> TASK GOAL: Only an exact repetition of the lines from the one holding "新潟店の閉店により、アルタは" to the end of the data is wanted, with pictures left out.

Stored data:
• • • •

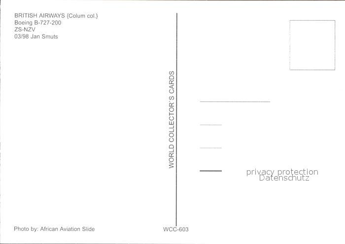 Flugzeuge zivil British Airways Boeing B-727-200 ZS-NZV postalisch nicht gelaufen Erhaltung siehe scans
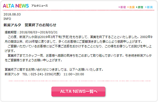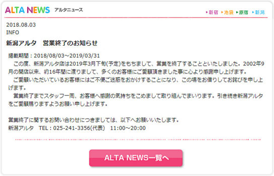 新潟店の閉店により、アルタは、新宿、池袋サンシャインシティ、原宿の3店体制となる。
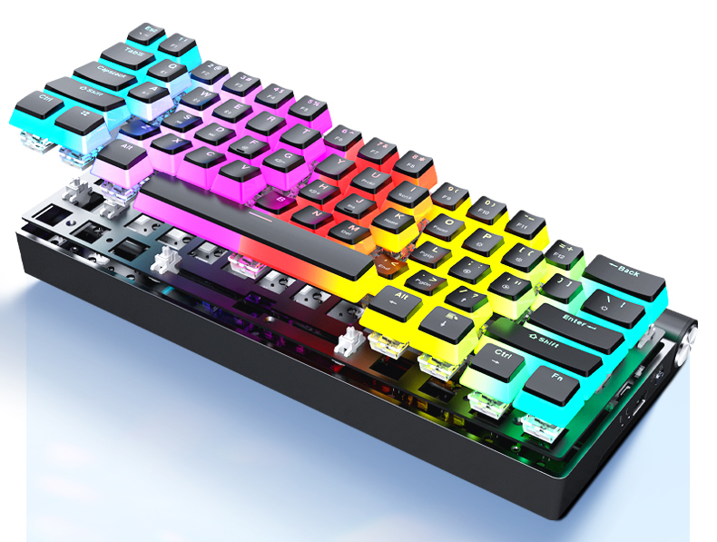 メカニカルキーボートK618は、ノートPCや安価なキーボードに一般的に用いられる、浅くてふかふかしたメンブレン(膜)タイプと異なり、高さのあるキーのひとつひとつに入力スイッチ機構が搭載され、しっかりとした押し感と跳ね返し感(レスポンス)があり、ミスタッチが減り、仕事の効率やゲームの正確性がUP。
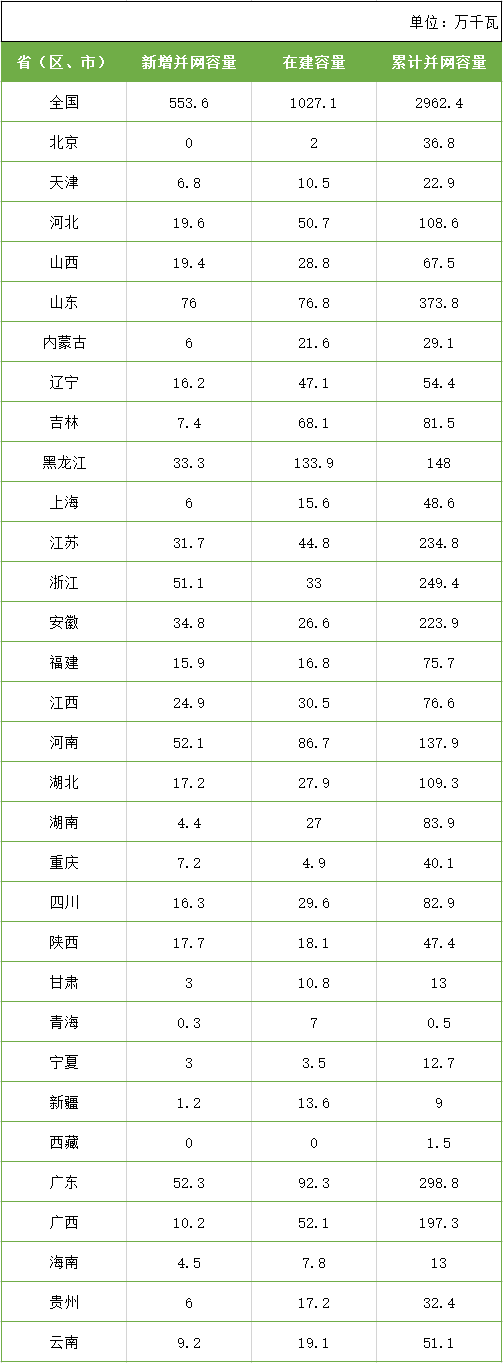 2020年各?。▍^(qū)、市)生物質(zhì)發(fā)電建設(shè)情況
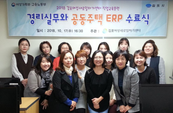 경기 김포시는 지난 17일 교육강사 및 훈련생 등 20명이 참석한 가운데 '경리실무와 공동주택ERP 과정' 수료식을 개최했다. 사진은 수료식이 끝난 후 수료생들이 기념촬영을 하고 있는 모습. (사진제공=김포시청)

• • • •

> ANSWER TO THE EXERCISE:
 新潟店の閉店により、アルタは、新宿、池袋サンシャインシティ、原宿の3店体制となる。
 メカニカルキーボートK618は、ノートPCや安価なキーボードに一般的に用いられる、浅くてふかふかしたメンブレン(膜)タイプと異なり、高さのあるキーのひとつひとつに入力スイッチ機構が搭載され、しっかりとした押し感と跳ね返し感(レスポンス)があり、ミスタッチが減り、仕事の効率やゲームの正確性がUP。
 2020年各?。▍^(qū)、市)生物質(zhì)發(fā)電建設(shè)情況
 경기 김포시는 지난 17일 교육강사 및 훈련생 등 20명이 참석한 가운데 '경리실무와 공동주택ERP 과정' 수료식을 개최했다. 사진은 수료식이 끝난 후 수료생들이 기념촬영을 하고 있는 모습. (사진제공=김포시청)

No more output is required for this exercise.